▶ [Data excerpt]:
╔══
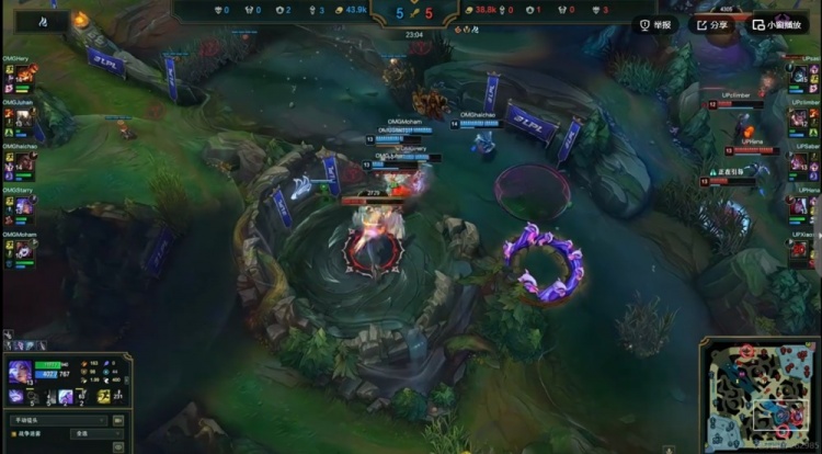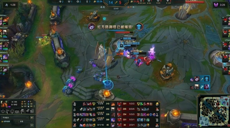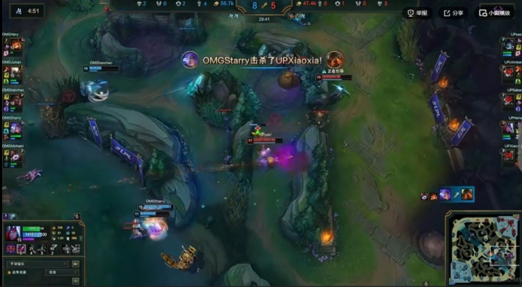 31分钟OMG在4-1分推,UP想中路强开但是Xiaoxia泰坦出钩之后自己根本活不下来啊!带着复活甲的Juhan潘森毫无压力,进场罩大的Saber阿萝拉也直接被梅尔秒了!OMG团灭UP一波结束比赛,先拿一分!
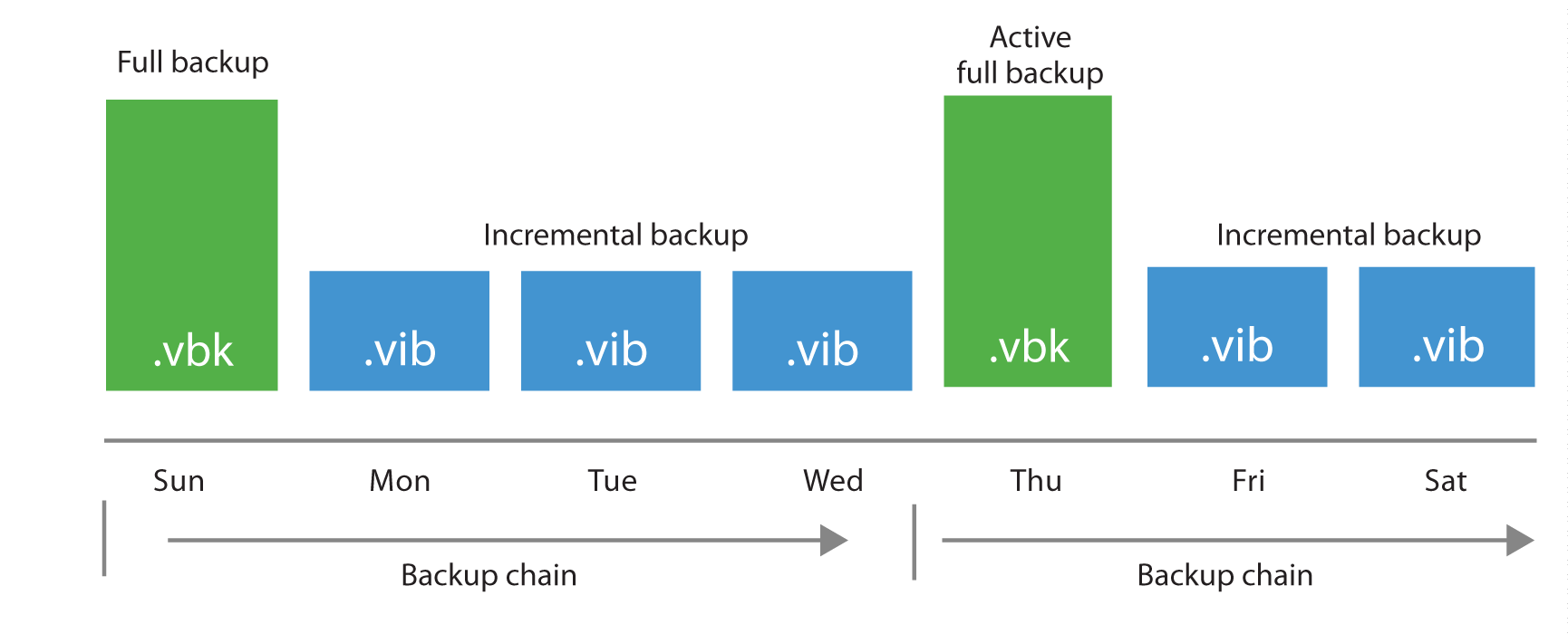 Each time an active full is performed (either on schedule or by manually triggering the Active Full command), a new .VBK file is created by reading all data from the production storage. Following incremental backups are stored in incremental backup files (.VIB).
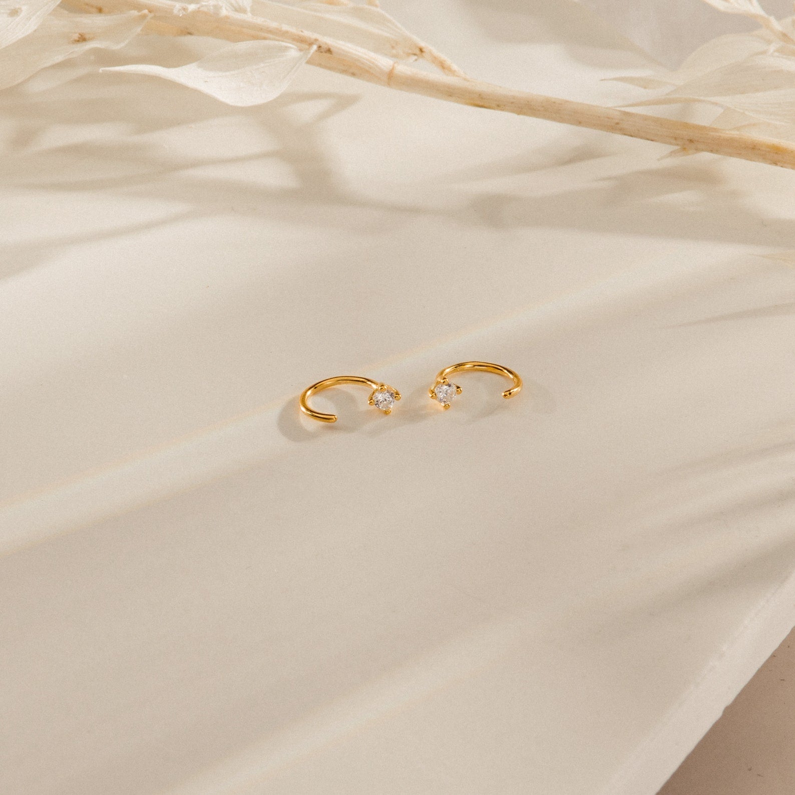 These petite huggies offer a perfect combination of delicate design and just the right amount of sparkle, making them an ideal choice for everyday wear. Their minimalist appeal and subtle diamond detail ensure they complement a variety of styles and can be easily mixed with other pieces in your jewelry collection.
╚══
▶ [Your assignment]: Repeat the data verbatim, excluding all pictures.

▶ [Answer area]:
 31分钟OMG在4-1分推,UP想中路强开但是Xiaoxia泰坦出钩之后自己根本活不下来啊!带着复活甲的Juhan潘森毫无压力,进场罩大的Saber阿萝拉也直接被梅尔秒了!OMG团灭UP一波结束比赛,先拿一分!
 Each time an active full is performed (either on schedule or by manually triggering the Active Full command), a new .VBK file is created by reading all data from the production storage. Following incremental backups are stored in incremental backup files (.VIB).
 These petite huggies offer a perfect combination of delicate design and just the right amount of sparkle, making them an ideal choice for everyday wear. Their minimalist appeal and subtle diamond detail ensure they complement a variety of styles and can be easily mixed with other pieces in your jewelry collection.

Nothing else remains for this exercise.